Il 06 settembre alle ore 21,00 ci sarà una Conferenza in Basilica con la riproduzione in HD di due pale d’altare opera di Lionello Spada e di Palma il Giovane ricollocate sui loro altari originari. Il riallestimento di due immagini delle pale a grandezza al vero sui rispettivi altari, realizzato con la collaborazione dello staff dei Musei Civici di Reggio Emilia con la collaborazione del fotografo Carlo Vannini, consente di ammirare la Basilica nel suo aspetto iconografico originario. La Direttrice dei Musei Civici, dott.ssa Elisabetta Farioli, e lo storico prof. Alberto Cadoppi introdurranno commenti culturali e storici legati alle opere originarie oggi custodite nella Biblioteca Estense di Modena. L’allestimento fruisce della donazione Art Bonus di Banca Credit Agricole Cariparma con la collaborazione del Rotary Club Val di Secchia di Reggio Emilia.
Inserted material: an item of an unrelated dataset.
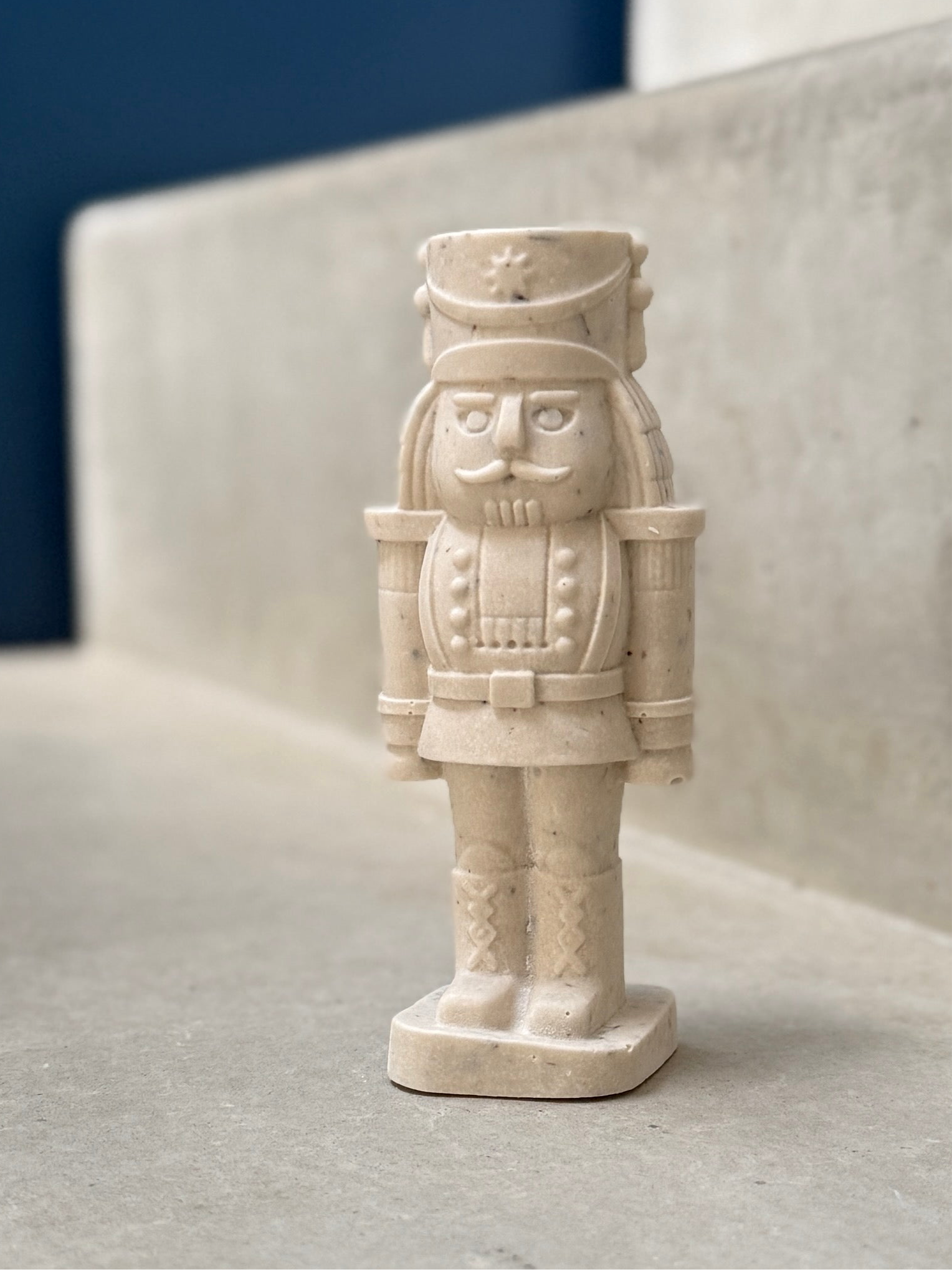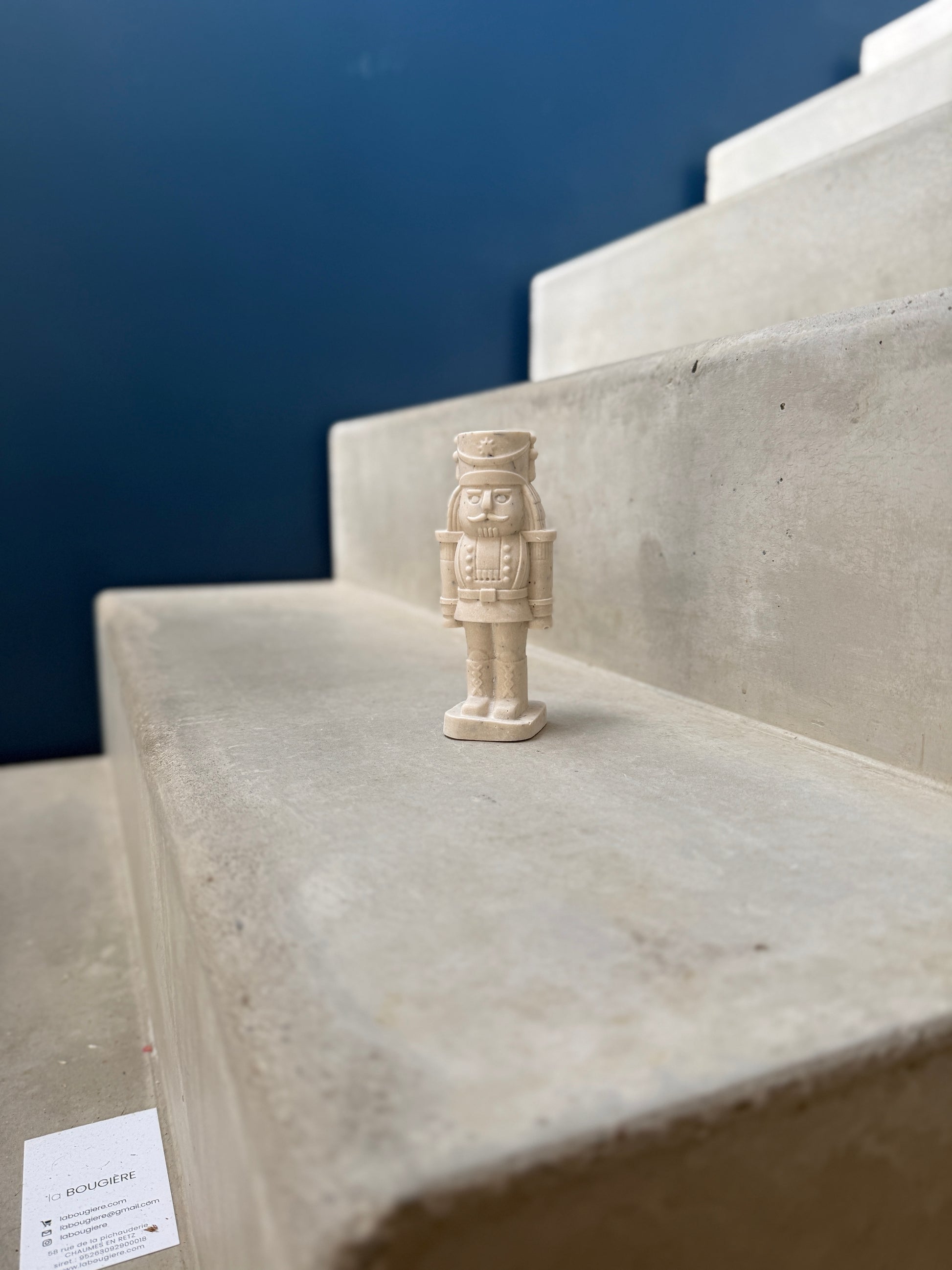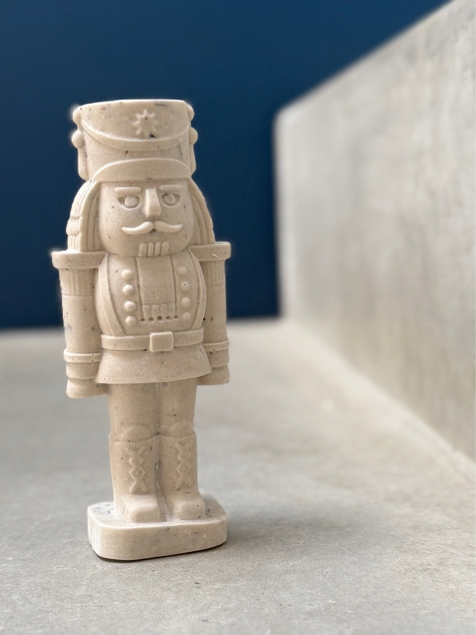 Symbole incontournable des fêtes de fin d’année, ce casse-noisette décoratif a été revisité dans un style minimaliste et naturel. Fabriqué en minéral et coquillages revalorisés, il conjugue élégance et démarche écoresponsable.

Il 07 settembre alle ore 12,00 è previsto un raduno dei partecipanti ai Cammini della Fede. In una Conferenza nella Sala dei Padri del Chiostro Minore si parlerà della ricerca di percorsi alternativi rispetto alle destinazioni di massa, che riscoprono la bellezza del locale praticando un’esperienza di viaggio, responsabile e sostenibile, da fruire con lentezza, a piedi o in bicicletta, a contatto con la natura e il paesaggio, l’arte e la storia, la cultura e la spiritualità dei luoghi, secondo tracciati che ripercorrono le antiche Vie dei pellegrini. Sarà presentato un itinerario culturale che si inserisce lungo il cammino di pellegrinaggio della Via Matildica del Volto Santo. Interverranno: Roberta Grassi, responsabile della Delegazione del Fondo Ambiente Italiano di Reggio Emilia; Giuliano Cervi, Presidente del Comitato Scientifico del Club Alpino Italiano; Padre Cesare Antonelli, Priore della Comunità dei Servi di Maria di Reggio Emilia; Carlo Possa, Presidente della Sezione di Reggio Emilia del Club Alpino Italiano; e Angelo Dallasta, Direttore dell’Ufficio Beni Culturali e Nuova Edilizia Culto della Diocesi di Reggio Emilia.

In prima mattinata alle ore 8.30 si svolgeranno due cammini escursionistici a cura delle sezioni CAI di Reggio Emilia e Novellara.